- Work task -
Only one stretch of the data below is wanted: the lines from the one with "Бакланы могут периодически" through the one with "Nanyou高バージョン20", repeated exactly.

- Listed records -
----
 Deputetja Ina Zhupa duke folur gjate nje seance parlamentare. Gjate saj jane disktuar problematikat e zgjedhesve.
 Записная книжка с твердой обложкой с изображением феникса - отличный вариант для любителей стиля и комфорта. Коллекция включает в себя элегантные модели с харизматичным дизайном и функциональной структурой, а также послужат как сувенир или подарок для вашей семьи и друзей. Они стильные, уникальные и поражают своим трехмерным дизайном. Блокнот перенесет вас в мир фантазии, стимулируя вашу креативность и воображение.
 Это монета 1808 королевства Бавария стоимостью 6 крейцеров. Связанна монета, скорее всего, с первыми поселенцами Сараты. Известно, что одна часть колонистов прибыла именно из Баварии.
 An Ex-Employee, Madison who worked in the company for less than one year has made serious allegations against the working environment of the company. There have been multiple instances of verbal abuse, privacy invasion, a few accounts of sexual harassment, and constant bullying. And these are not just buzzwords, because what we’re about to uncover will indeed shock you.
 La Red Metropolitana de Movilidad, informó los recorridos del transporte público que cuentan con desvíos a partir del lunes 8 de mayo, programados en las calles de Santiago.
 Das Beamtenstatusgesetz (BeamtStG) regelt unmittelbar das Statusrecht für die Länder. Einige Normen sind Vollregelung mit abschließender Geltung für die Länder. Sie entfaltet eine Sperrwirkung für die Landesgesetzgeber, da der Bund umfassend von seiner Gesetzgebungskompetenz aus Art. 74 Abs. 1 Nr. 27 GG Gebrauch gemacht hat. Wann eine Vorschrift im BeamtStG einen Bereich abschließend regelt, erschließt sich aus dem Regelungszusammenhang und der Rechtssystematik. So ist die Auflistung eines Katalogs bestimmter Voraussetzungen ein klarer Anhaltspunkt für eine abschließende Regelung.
----
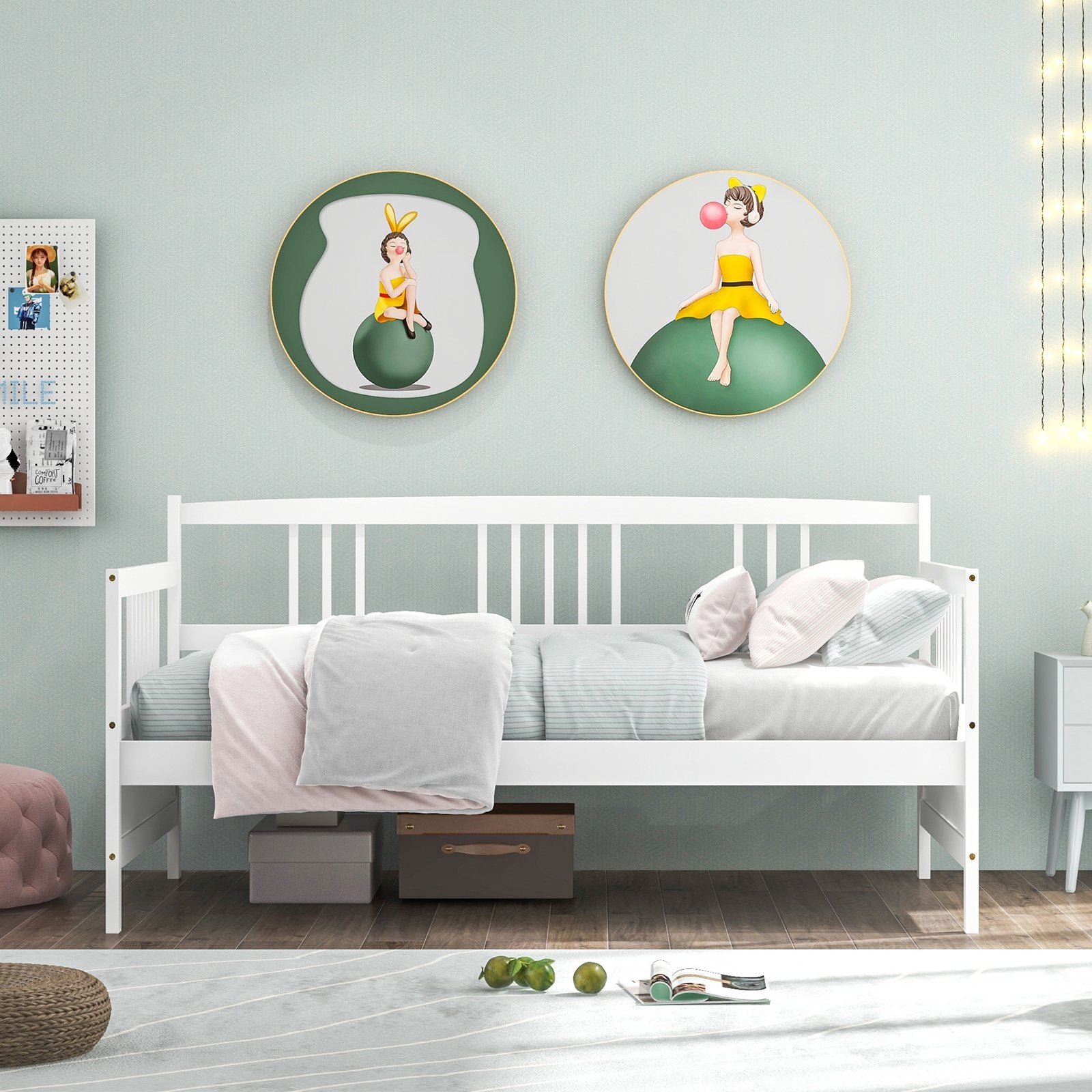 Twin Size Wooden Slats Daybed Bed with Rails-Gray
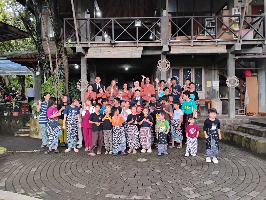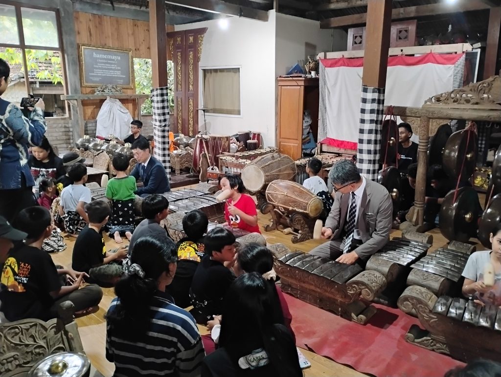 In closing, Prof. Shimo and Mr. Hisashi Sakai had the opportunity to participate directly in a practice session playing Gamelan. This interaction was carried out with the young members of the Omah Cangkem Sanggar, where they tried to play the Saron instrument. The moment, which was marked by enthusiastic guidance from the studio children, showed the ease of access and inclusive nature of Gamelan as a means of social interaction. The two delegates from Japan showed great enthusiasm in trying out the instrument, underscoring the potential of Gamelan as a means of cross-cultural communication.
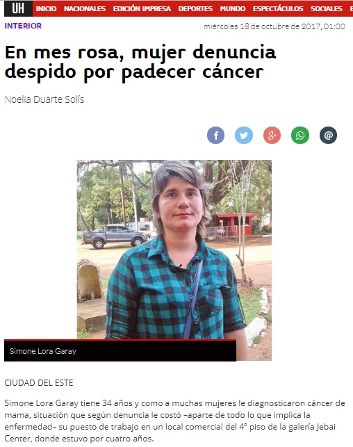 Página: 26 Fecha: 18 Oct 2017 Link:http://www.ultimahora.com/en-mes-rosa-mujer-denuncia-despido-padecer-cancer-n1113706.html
----
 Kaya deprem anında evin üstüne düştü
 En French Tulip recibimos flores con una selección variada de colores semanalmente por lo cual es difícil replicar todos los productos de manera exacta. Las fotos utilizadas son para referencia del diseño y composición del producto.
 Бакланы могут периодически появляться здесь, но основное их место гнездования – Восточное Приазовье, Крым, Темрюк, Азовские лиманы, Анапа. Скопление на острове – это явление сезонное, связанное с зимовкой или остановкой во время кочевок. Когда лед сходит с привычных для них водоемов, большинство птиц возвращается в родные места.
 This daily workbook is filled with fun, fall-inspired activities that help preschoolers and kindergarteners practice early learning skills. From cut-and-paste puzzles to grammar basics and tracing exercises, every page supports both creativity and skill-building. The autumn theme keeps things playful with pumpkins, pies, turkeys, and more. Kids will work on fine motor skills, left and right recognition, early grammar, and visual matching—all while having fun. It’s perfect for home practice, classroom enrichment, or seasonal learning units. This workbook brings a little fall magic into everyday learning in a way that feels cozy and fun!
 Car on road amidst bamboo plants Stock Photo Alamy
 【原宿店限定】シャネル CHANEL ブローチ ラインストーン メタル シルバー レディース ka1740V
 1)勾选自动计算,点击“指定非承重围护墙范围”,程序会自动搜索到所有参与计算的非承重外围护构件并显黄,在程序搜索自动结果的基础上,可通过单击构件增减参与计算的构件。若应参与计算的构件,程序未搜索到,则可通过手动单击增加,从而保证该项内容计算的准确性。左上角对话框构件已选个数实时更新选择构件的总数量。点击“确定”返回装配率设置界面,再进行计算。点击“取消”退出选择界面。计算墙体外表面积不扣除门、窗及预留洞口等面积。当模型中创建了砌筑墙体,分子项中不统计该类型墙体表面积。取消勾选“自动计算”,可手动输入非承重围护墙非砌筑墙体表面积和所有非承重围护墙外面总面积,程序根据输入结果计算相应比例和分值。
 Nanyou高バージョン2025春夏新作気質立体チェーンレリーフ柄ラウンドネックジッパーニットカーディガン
----
- Answer to this task -
 Бакланы могут периодически появляться здесь, но основное их место гнездования – Восточное Приазовье, Крым, Темрюк, Азовские лиманы, Анапа. Скопление на острове – это явление сезонное, связанное с зимовкой или остановкой во время кочевок. Когда лед сходит с привычных для них водоемов, большинство птиц возвращается в родные места.
 This daily workbook is filled with fun, fall-inspired activities that help preschoolers and kindergarteners practice early learning skills. From cut-and-paste puzzles to grammar basics and tracing exercises, every page supports both creativity and skill-building. The autumn theme keeps things playful with pumpkins, pies, turkeys, and more. Kids will work on fine motor skills, left and right recognition, early grammar, and visual matching—all while having fun. It’s perfect for home practice, classroom enrichment, or seasonal learning units. This workbook brings a little fall magic into everyday learning in a way that feels cozy and fun!
 Car on road amidst bamboo plants Stock Photo Alamy
 【原宿店限定】シャネル CHANEL ブローチ ラインストーン メタル シルバー レディース ka1740V
 1)勾选自动计算,点击“指定非承重围护墙范围”,程序会自动搜索到所有参与计算的非承重外围护构件并显黄,在程序搜索自动结果的基础上,可通过单击构件增减参与计算的构件。若应参与计算的构件,程序未搜索到,则可通过手动单击增加,从而保证该项内容计算的准确性。左上角对话框构件已选个数实时更新选择构件的总数量。点击“确定”返回装配率设置界面,再进行计算。点击“取消”退出选择界面。计算墙体外表面积不扣除门、窗及预留洞口等面积。当模型中创建了砌筑墙体,分子项中不统计该类型墙体表面积。取消勾选“自动计算”,可手动输入非承重围护墙非砌筑墙体表面积和所有非承重围护墙外面总面积,程序根据输入结果计算相应比例和分值。
 Nanyou高バージョン2025春夏新作気質立体チェーンレリーフ柄ラウンドネックジッパーニットカーディガン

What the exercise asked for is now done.